When the line containing "(Nennleistung: 3,2 MW)." appears in the entries below, begin printing there and stop after the line containing "(si) SBB, der"; print each of those lines exactly and no other line.

Data for review:
....................

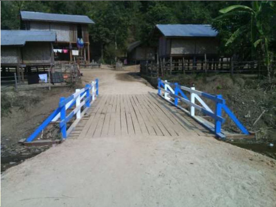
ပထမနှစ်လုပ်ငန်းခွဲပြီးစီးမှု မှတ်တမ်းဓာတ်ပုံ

....................

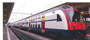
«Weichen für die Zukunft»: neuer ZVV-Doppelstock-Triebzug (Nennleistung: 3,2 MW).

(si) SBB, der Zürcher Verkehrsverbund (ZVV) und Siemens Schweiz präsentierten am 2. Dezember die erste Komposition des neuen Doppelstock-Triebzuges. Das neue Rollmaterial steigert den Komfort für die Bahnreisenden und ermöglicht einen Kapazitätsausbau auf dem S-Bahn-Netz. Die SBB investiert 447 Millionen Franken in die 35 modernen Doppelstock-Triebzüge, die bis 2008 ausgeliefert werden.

....................

Expected output:
«Weichen für die Zukunft»: neuer ZVV-Doppelstock-Triebzug (Nennleistung: 3,2 MW).

(si) SBB, der Zürcher Verkehrsverbund (ZVV) und Siemens Schweiz präsentierten am 2. Dezember die erste Komposition des neuen Doppelstock-Triebzuges. Das neue Rollmaterial steigert den Komfort für die Bahnreisenden und ermöglicht einen Kapazitätsausbau auf dem S-Bahn-Netz. Die SBB investiert 447 Millionen Franken in die 35 modernen Doppelstock-Triebzüge, die bis 2008 ausgeliefert werden.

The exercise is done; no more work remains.